Dollar General is making a slow and methodical entrance into the business of health, raising the hopes of increased profitability on Wall Street — and reservations among local health care advocates.

The company plans to make its stores a health care destination by offering telemedicine, prescription delivery and pick-up, and mail order prescription, CEO Todd Vasos said Thursday on an earnings call.

“What we’re going to be squarely focused on … are those services that rural America today especially doesn’t have access to,” Vasos said. “We talk a lot about grocery deserts or food deserts. There’s as equal health care deserts out there across the U.S. and we’re in all of these communities.”

About 75 percent of Americans live within five miles of one of Dollar General’s 17,000 stores, according to the company. For many rural residents, Dollar General has become their main grocery store, where they can pick up both fresh and packaged foods along with household items such as paper towels, toilet paper or cleaning supplies.

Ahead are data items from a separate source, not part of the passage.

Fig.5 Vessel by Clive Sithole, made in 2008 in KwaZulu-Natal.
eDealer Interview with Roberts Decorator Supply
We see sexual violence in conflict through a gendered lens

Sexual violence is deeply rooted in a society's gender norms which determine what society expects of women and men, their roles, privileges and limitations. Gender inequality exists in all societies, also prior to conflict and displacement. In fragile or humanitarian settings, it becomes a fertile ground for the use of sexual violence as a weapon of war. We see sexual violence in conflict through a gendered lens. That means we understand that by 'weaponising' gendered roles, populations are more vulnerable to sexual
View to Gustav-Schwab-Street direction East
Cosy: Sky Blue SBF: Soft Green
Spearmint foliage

“When times are good, we do pretty well. And when times aren’t so good, that consumer needs us more.”

That proximity to small rural markets helped fuel a blowout year of pandemic-driven growth for the company. Dollar General’s sales soared to $33.7 billion last year, a 16 percent increase from the year before. Its net income rose from $1.71 billion in 2019 to $2.6 billion last year. These figures were partially fueled by its fresh and frozen food business, according to the company’s annual report.

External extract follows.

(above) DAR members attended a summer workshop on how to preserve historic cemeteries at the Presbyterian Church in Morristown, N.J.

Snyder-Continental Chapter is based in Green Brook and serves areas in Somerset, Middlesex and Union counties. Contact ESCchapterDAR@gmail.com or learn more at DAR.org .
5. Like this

“When times are good, we do pretty well,” Vasos said Thursday. “And when times aren’t so good, that consumer needs us more.”

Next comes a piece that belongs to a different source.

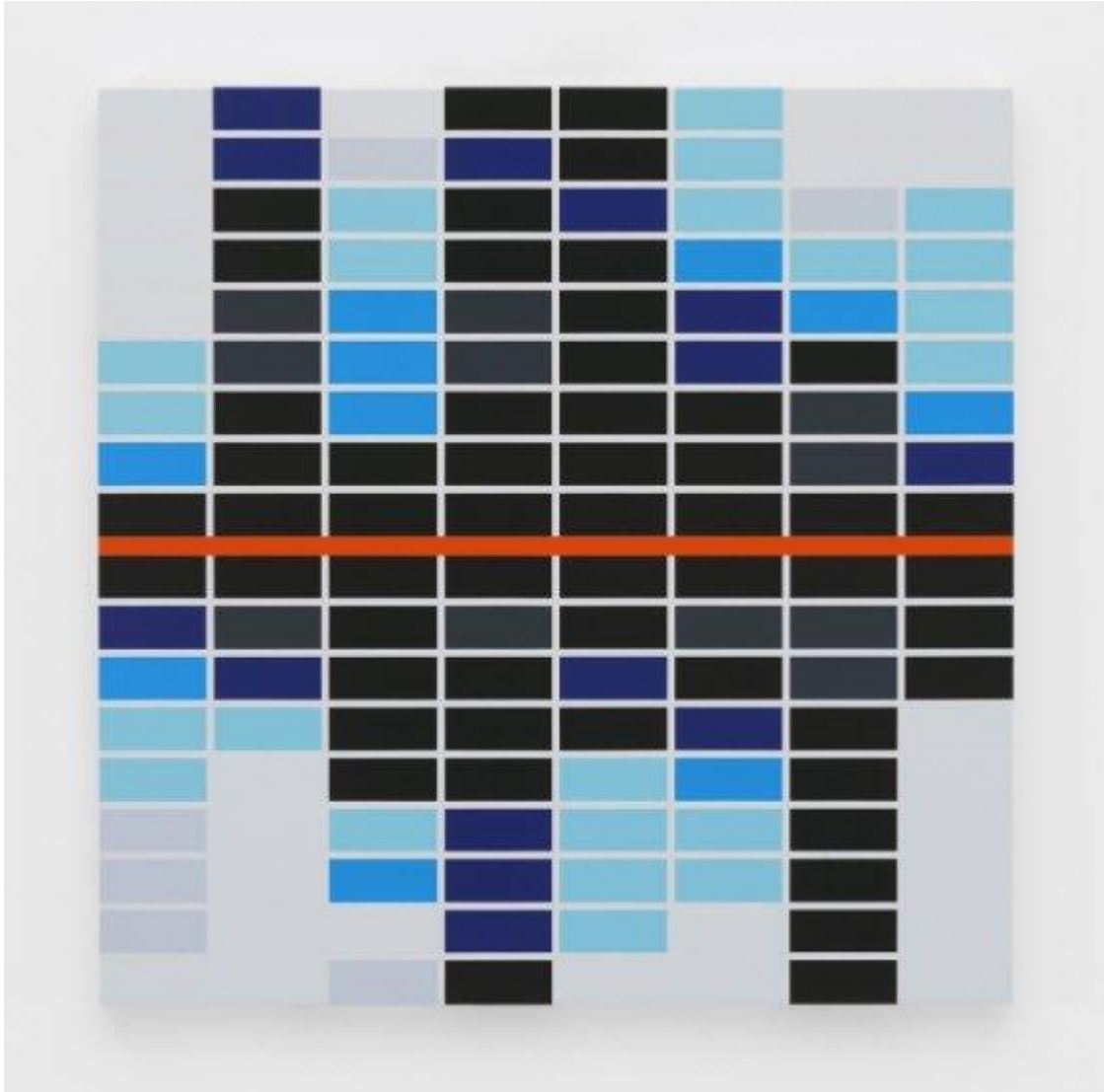
Sarah Morris, Sound Graph 2 (2017).

The company appointed its first chief medical officer, Albert Wu, in July to lead its entrance into the rural health care business. Wu has been tasked with overseeing relationships with current and prospective health care product and service providers “to build a comprehensive network of affordable services for DG customers,” according to a company release in July.

Dollar General had already been taking steps to leverage its store fleet for health care. Earlier this year, it was in discussions with the Centers for Disease Control and Prevention to create a formal partnership as a Covid vaccine clinic. Recently, the Michigan Department of Health and Human Services partnered with Dollar General to host a month-long community vaccine clinic in stores in nine counties. Stores in South Carolina and Indiana have also held vaccine clinics. In June, the Virginia Department of Health partnered with Dollar General to hold free Covid testing.

“I don’t want to get in front of our skis, but it could be a really big deal not only for our top line and bottom line at Dollar General,” said Vasos on Thursday. “But even more so, making that box even more relevant to those consumers in rural America that have to drive now 30, 40 minutes for an eye exam as an example, or even to see a doctor.”

About 60 million people, or roughly one in five Americans, live in rural areas and depend on local hospitals for care. But last year, a record 20 rural hospitals closed under the financial pressures of the pandemic, years of low patient volume and heavy reliance on government-funded insurance payers, according to the Cecil G. Sheps Center for Health Services Research, which has been tracking rural hospital closures since January 2005. Since then, the center has reported 181 hospitals in rural communities have closed their doors. Even before the pandemic, nearly every state had at least one rural hospital at immediate risk of closure, according to a report from the Center for Healthcare Quality and Payment Reform.

“Health care is going to be a recurring and persistent need in the U.S., especially when you consider the aging demographic driving it,” said Michael Lasser, an analyst with UBS. “The health care profit pool is quite significant, especially in comparison to consumables. What Dollar General is doing is going into a profit pool that will drive traffic.”

President Joe Biden’s 25 percent increase in Supplemental Nutrition Assistance Program benefits is also expected to fuel the company’s sales as it expands its grocery business, Vasos told investors.

But local health care advocates have raised concerns that Dollar General could create health care deserts similar to how it has contributed to food deserts by pushing out local grocers, Kennedy Smith, a senior researcher with Institute for Local Self-Reliance, told NBC News in an emailed statement.

“This move to expand health care products will chip away at the market demand that full-service pharmacies and grocery-based pharmacies need to survive,” she said. “Dollar store staff simply do not have the medical or pharmaceutical training and expertise to provide customers with responsible guidance in choosing over-the-counter medicine and medical supplies.”